Petitioner Joseph Leon Plummer is a federal prisoner housed in Adelanto, in this judicial district. In 2006, a federal jury in the Western District of Texas convicted him of firearms offenses. Based in part on Petitioner's prior criminal record, United States District Judge Walter S. Smith sentenced Petitioner to 300 months in prison. See docket in United States v. Plummer, No. 6:05-CR-00218-WSS-1 (W.D. Tex.). Petitioner appealed. The Fifth Circuit affirmed. 225 Fed.Appx. 318 (5th Cir. 2007).

In January 2008, Petitioner returned to the trial court with a § 2255 motion. Judge Smith denied it on August 8, 2008. See docket in United States v. Plummer, No. 6:05-CR-00218-WSS-1 (W.D. Tex.).

In October 2008, the Fifth Circuit issued a decision in another case, United States v. Constante, 544 F.3d 584 (5th Cir. 2008), that Petitioner believes supports a new challenge to his own conviction and/or sentence. Some three years after Constante, Petitioner sought the legally-required permission from the Fifth Circuit to present another § 2255 motion to Judge Smith, but the Fifth Circuit rejected that motion one month ago on August 3, 2011. See docket in In re Plummer, No. 11-50557 (5th Cir. Aug. 3, 2011).

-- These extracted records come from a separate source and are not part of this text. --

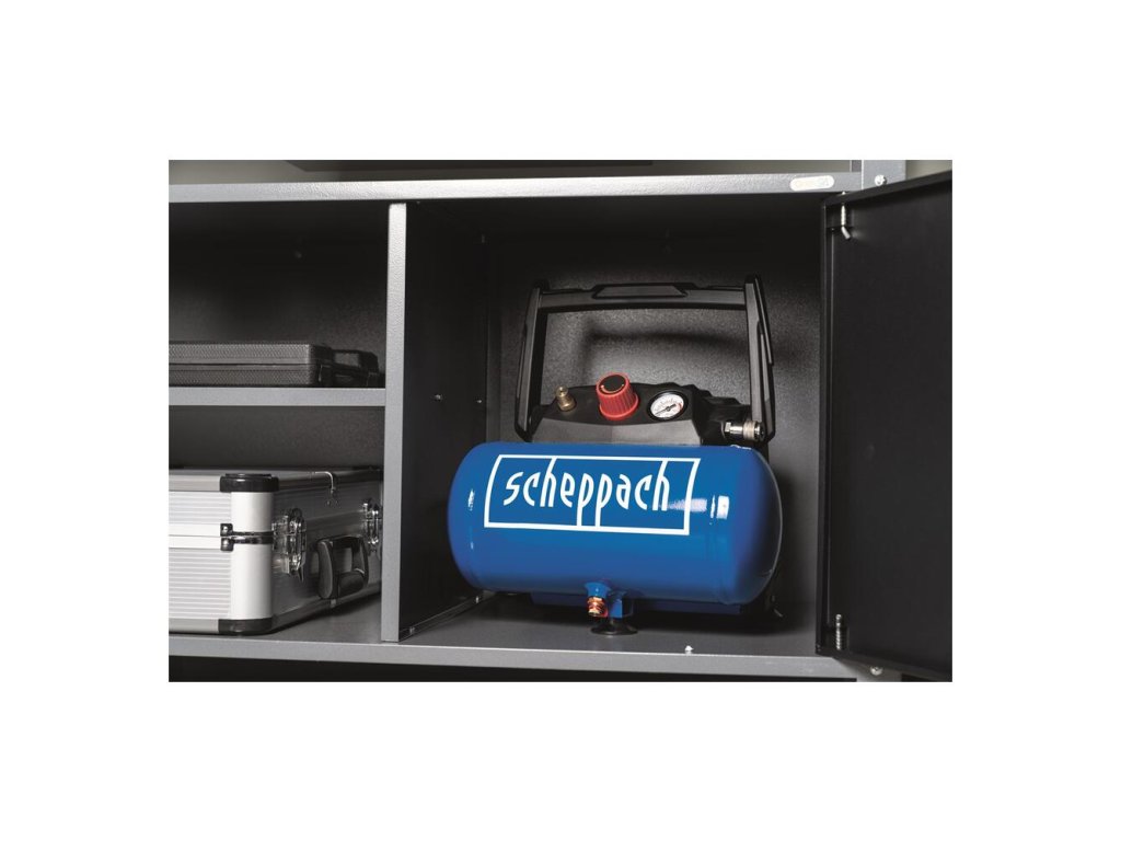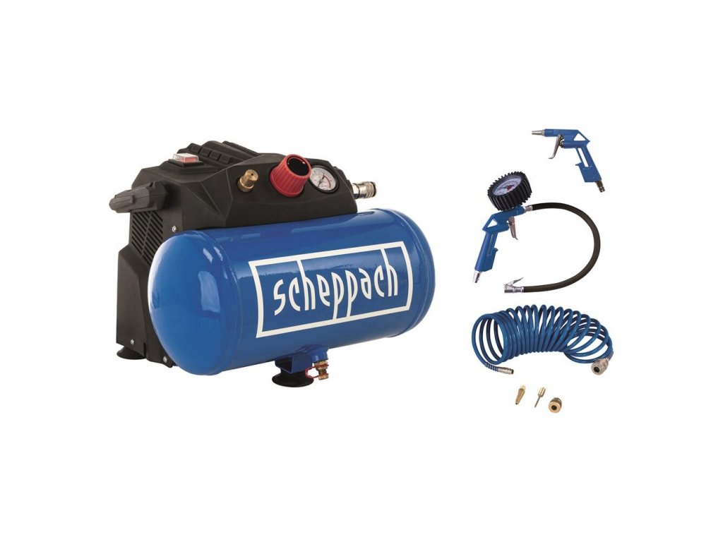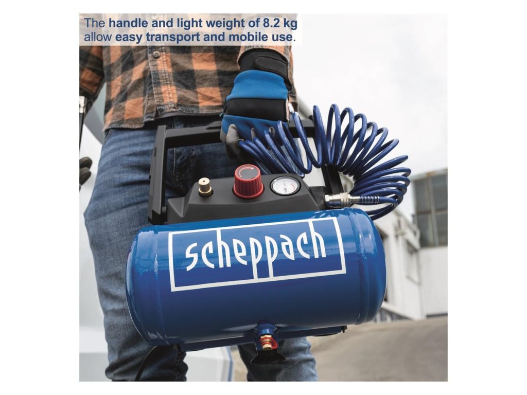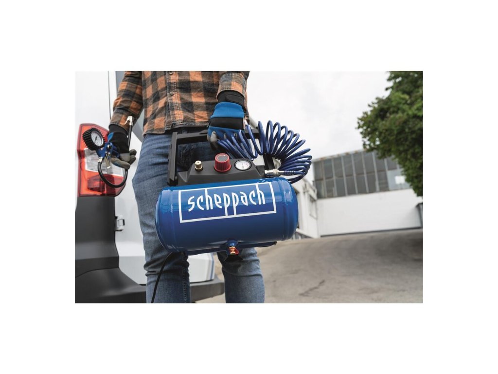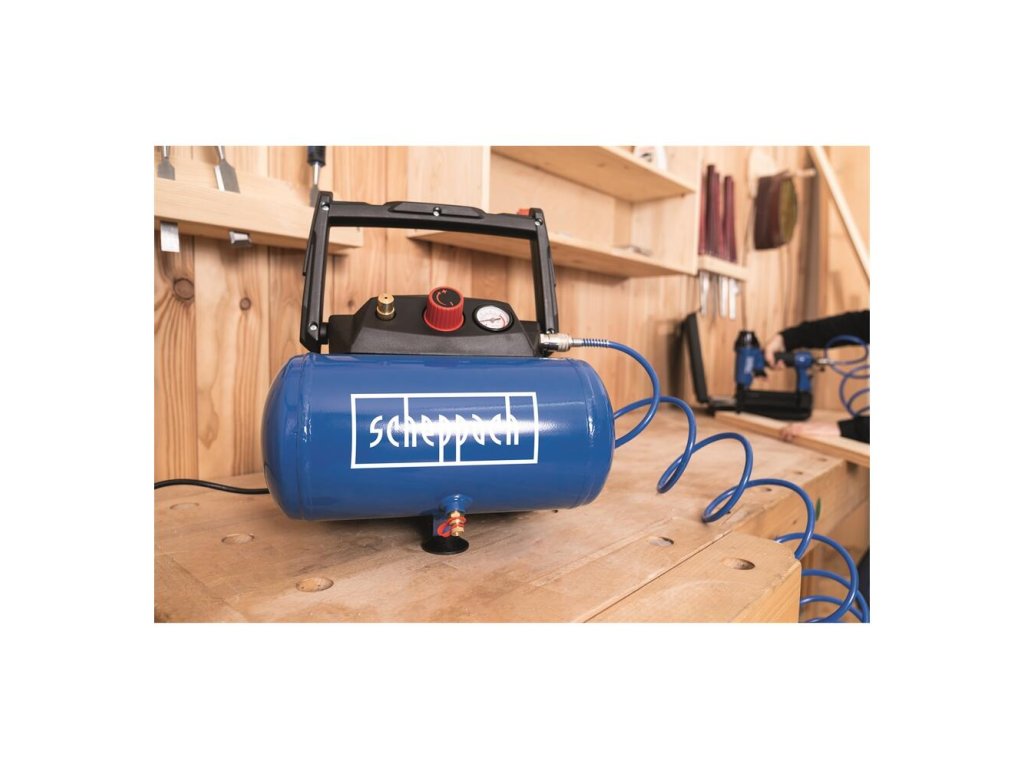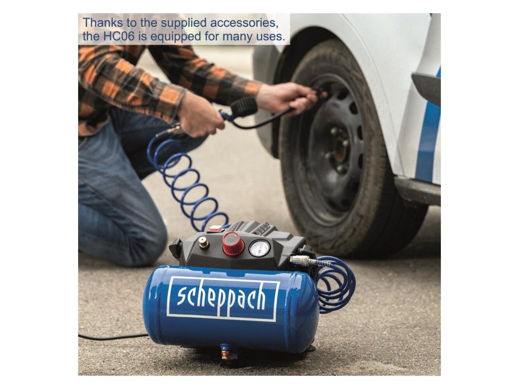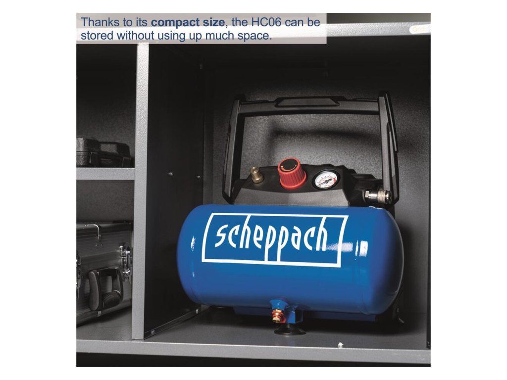 Kompresor Scheppach HC 06 je praktický, ľahký a ľahko prenosný kompresor so 6 l tlakovou nádobou a výkonným motorom s príkonom 1200 W.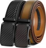 BULLIANT Men’s Ratchet Belt 2 Pack-Click Leather Belt Adjustable for Men Gift 1 3/8-Cut for Perfect Fit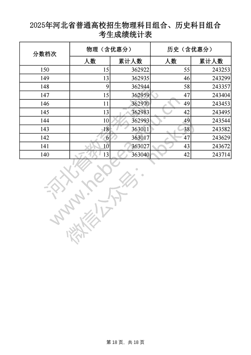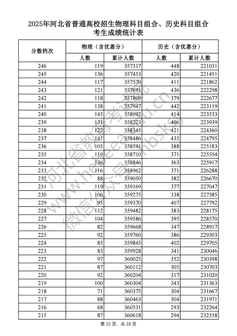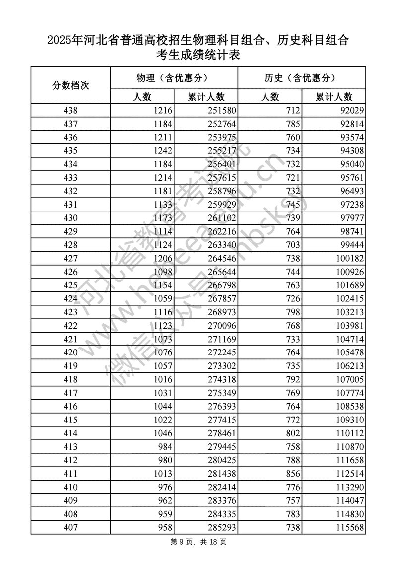 2025年河北高考物理科目组合、历史科目组合成绩一分一段表及位次排名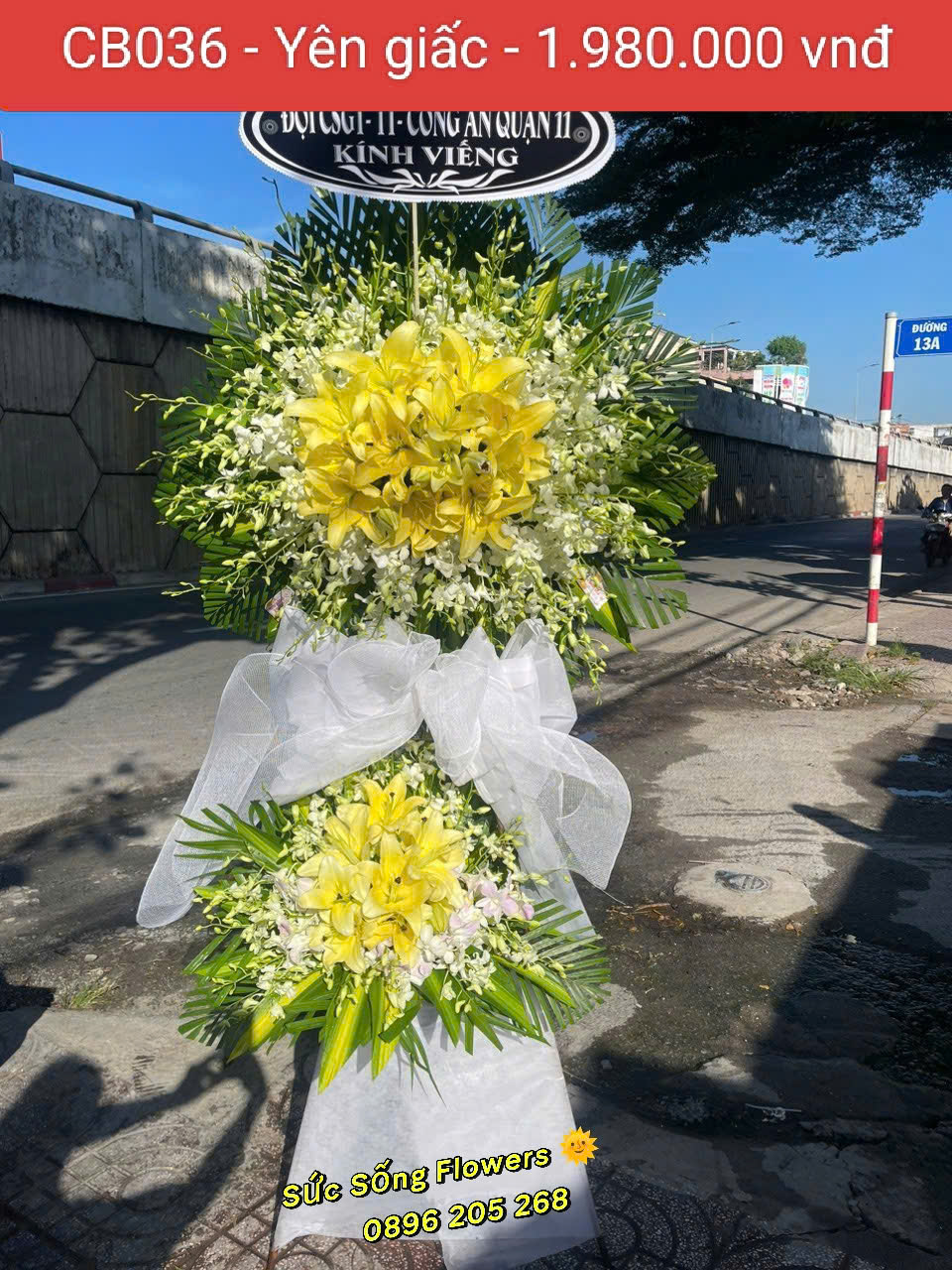 Kệ hoa chia buồn “CB036 – Yên giấc” như là lời chúc họ được an nghĩ ở thế giới bên kia

Petitioner now turns to this Court with the same challenge that he wanted to present in the trial court, having re-labeled as § 2241 habeas petition.

II.

DISCUSSION

28 U.S.C. § 2255 generally provides the sole procedural mechanism by which a federal prisoner may test the legality of his detention. Lorentsen v. Hood, 223 F.3d 950, 953 (9th Cir. 2000). That section bars courts from entertaining most habeas petitions where "it appears that the applicant has failed to apply for relief, by motion, to the court which sentenced him, or that such court has denied him relief[.]" In light of this rule, the statute on its face appears to bar the present action. Section 2255 itself permits resort to a 28 U.S.C. § 2241 petition when a § 2255 motion is "inadequate or ineffective to test the legality of [the] detention." 28 U.S.C. § 2255. This clause is sometimes referred to as the "escape hatch" to § 2255's exclusivity provision. Lorentsen, 223 F.3d at 953.

Only rarely is § 2255's escape hatch available. A § 2255 motion cannot be viewed as "inadequate" merely because the sentencing court has denied relief on the merits. Id. Any contrary ruling would nullify the statute's gatekeeping provisions, and Congress then would have accomplished little in its attempts to limit federal collateral review in passing laws such as the Antiterrorism and Effective Death Penalty Act of 1996 ("AEDPA"). See Triestman v. United States, 124 F.3d 361, 374-76 (2nd Cir. 1997) (discussing Congressional intent to narrow collateral attacks).

"Along with many of our sister circuits," the Ninth Circuit has explained, we have held that a § 2241 petition is available under the "escape hatch" of § 2255 when a petitioner (1) makes a claim of actual innocence, and (2) has not had an "unobstructed procedural shot" at presenting that claim.

Stephens v. Herrera, 464 F.3d 895, 898 (9th Cir. 2006) (collecting cases).*fn1

Here, opening the "escape hatch" is unwarranted. Petitioner has had an unobstructed procedural shot at obtaining relief. Contrary to his assertions here, see Pet. at 3, the mere fact that Petitioner missed that shot -- that is, the fact that the Fifth Circuit denied his motion seeking leave to present a successive 28 U.S.C. § 2255 motion in the trial court -- does not somehow render the prior proceedings "inadequate or ineffective" for purposes of allowing a § 2241 "escape hatch" petition.

III.

CONCLUSION For the foregoing reasons, the action is DISMISSED without prejudice to Petitioner's pursuit of relief in the Western District of Texas, the Fifth Circuit or the Supreme Court.